El violento episodio que derivó en la condena comenzó el 3 de noviembre de 2025. Según se ventiló en el juicio, la pareja había ido a tomar mates a un espacio recreativo conocido como “La Pista”. Allí, el agresor, un obrero de la construcción oriundo de Mendoza, acusó falsamente a la mujer de hacerle señas a otro joven. Al día siguiente, la discusión continuó y se tornó física dentro del domicilio que compartían: el hombre le propinó trompadas en las rodillas, la arrastró de los pelos por el piso de la habitación y la empujó violentamente contra una cama y la cucha del perro de la familia.

La investigación, impulsada por el fiscal sustituto Enzo Rangone, logró probar mediante testimonios, fotografías y certificados médicos que la mujer sufrió múltiples hematomas en los brazos, las rodillas y el omóplato izquierdo. El terror que la víctima sentía por su expareja quedó en absoluta evidencia durante el debate judicial: llegó a sufrir un ataque de pánico en plena declaración virtual al ver en pantalla al acusado, lo que obligó al juez a retirarlo de la sala para que ella pudiera seguir hablando.

La sentencia dictada subraya que el hombre ejercía una constante violencia psicológica y de control, al punto de que la víctima optó por destruir su propio teléfono celular meses antes para intentar evitar las incesantes recriminaciones por celos. Tras la golpiza y al ver a su agresor liberado de la comisaría poco después de radicar la denuncia, la mujer debió escapar de La Pampa para resguardar su vida.
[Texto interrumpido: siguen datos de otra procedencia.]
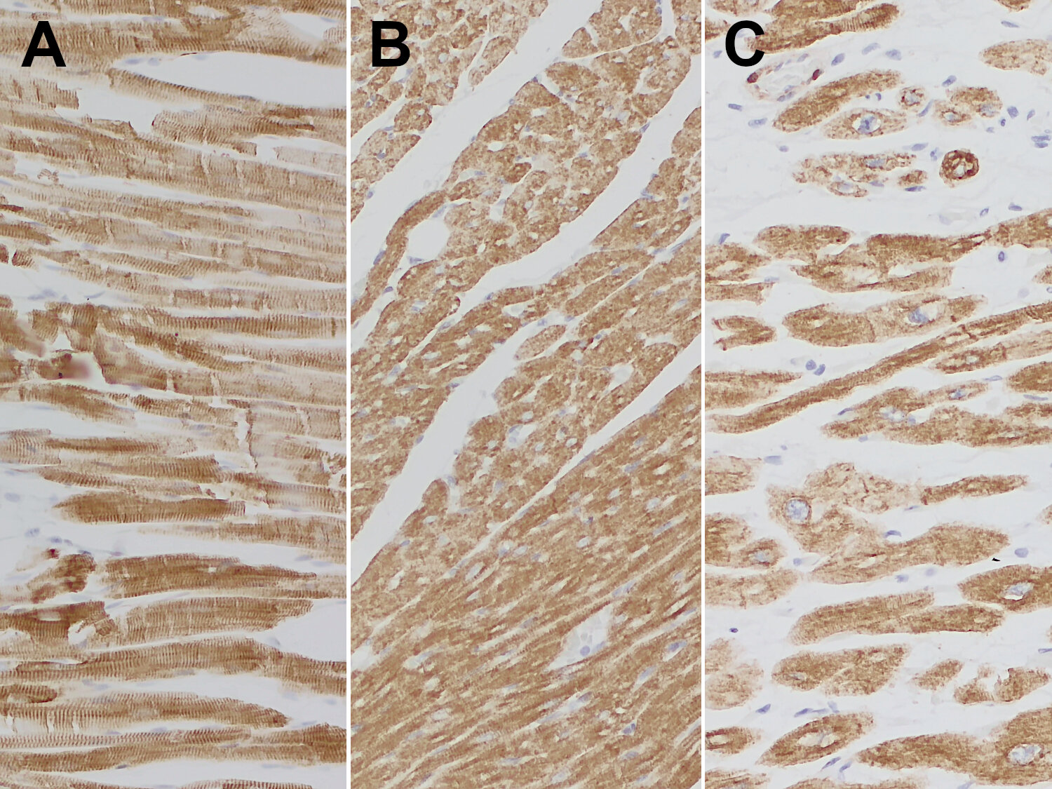 Desmin is the most important muscular intermediate filament (IF) and is expressed in cardiac, skeletal and smooth muscles. Desmin IFs envelop myofibrils at the level of Z-disks and extend from the nuclear envelope to the sarcolemma and various organelles such as nuclei, mitochondria, and the sarcoplasmic reticulum (1). In this way, desmin IFs contribute to structural and mechanical support, cellular integrity, force transmission, and mitochondrial homeostasis (1). Desmin knockout-mice develop normally and are fertile. However, after birth mice develop cardiovascular lesions and skeletal myopathy (2). Studies in these mice suggest that desmin is not required for myogenic commitment, differentiation or fusion, but is essential for maintaining the tensile strength and integrity of muscle fibers (3). In humans, missense mutations in the desmin gene (DES) also cause a distinct “desmin myopathy”, which is often associated with cardiomyopathy (4).

Además de la condena penal por los delitos de “lesiones leves agravadas por el vínculo y por mediar violencia de género”, el fallo impone al violento una serie de reglas de conducta que deberá acatar por los próximos dos años. Entre ellas destacan la prohibición absoluta de mantener contacto o acercarse a la víctima, la abstención del consumo de estupefacientes y el abuso de bebidas alcohólicas, y la obligatoriedad de iniciar de manera inmediata un tratamiento psicológico.